So over the last few years, I’ve really sat deeply with the advice I give educators in the 40 Hour Teacher Workweek, which is to “relax your standards to a level where no one else will notice but you.”

In other words, if you could stop doing an aspect of your work to the full extent and quality you’re doing now, and no one around you would notice or care, relax your standards. Set your expectations lower because you’re spending your time and energy on something that isn’t as important as some of your other obligations.

For example, I remember one teacher in 40 Hour who realized she was putting a lot of effort into a digital parent newsletter every week. She decided to tell parents she was going to switch to a bi-weekly letter, meaning every other week, so she could spend the time she was using to create the newsletter on conferring with individual parents as needed. (In other words: she had emails and phone calls to respond to.) None of the parents had a problem with this.

The following year, she decided to start off the school year with her new group of students having only monthly parent updates. Again, none of the parents had a problem with this. They, too, were busy and were happy to hear about projects and learning topics on a monthly basis.
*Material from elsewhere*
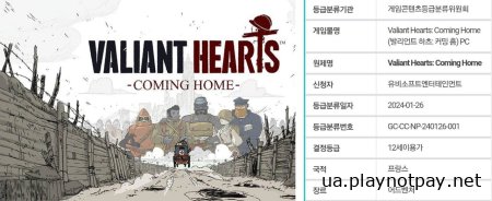 Згідно з корейською рейтинговою системою, здається, що гра Valiant Hearts: Coming Home скоро вийде на ПК і, ймовірно, також буде доступна на консолях. Це зацікавило багатьох геймерів, які чекають на нові пригоди у цій захоплюючій грі.
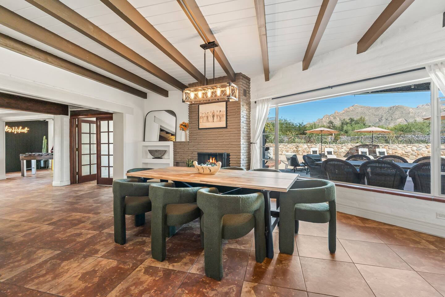 Pool may be heated for an additional $100/night. Hot tub is always complementary! Standout features: ALL brand new furnishings, bedding, and household items. Arcade games and fuseball table Record player Dedicated workspae Indoor fireplaces Putting green/ping pong table/giant connect 4 Fire pits Tons of backyard and pool furniture Outdoor shower Ample covered porch spaces Propane BBQ Grill Fully stocked kitchen and multiple dining tables Pack-and-plays/high chairs Breathtaking mountain views And so much more!

This is an example of relaxing your standards to a level where no one else will notice but you. None of the parents even knew a biweekly newsletter, much less a weekly one, was even something this teacher thought she should be doing. It was an expectation she had for herself but no one cared when she relaxed those standards (which feels a lot better than “lowering your standards”, especially if you’re a perfectionist or people pleaser).

Experimenting with the framework of “B+ work”

Relaxing your standards is a good mental reframing to play around with as a starting place, but over the past few years, I’ve also been experimenting with the framework of “B+ work.”

The idea here is that you cannot get a 100 or perfect score on every task that’s on your plate. Every meal you cook for dinner is not going to be an A+. Every lesson you create is not going to be outstanding. Every birthday present you buy, every housecleaning you do, every holiday celebration you plan, and so on … they’re not all going to be A+ work.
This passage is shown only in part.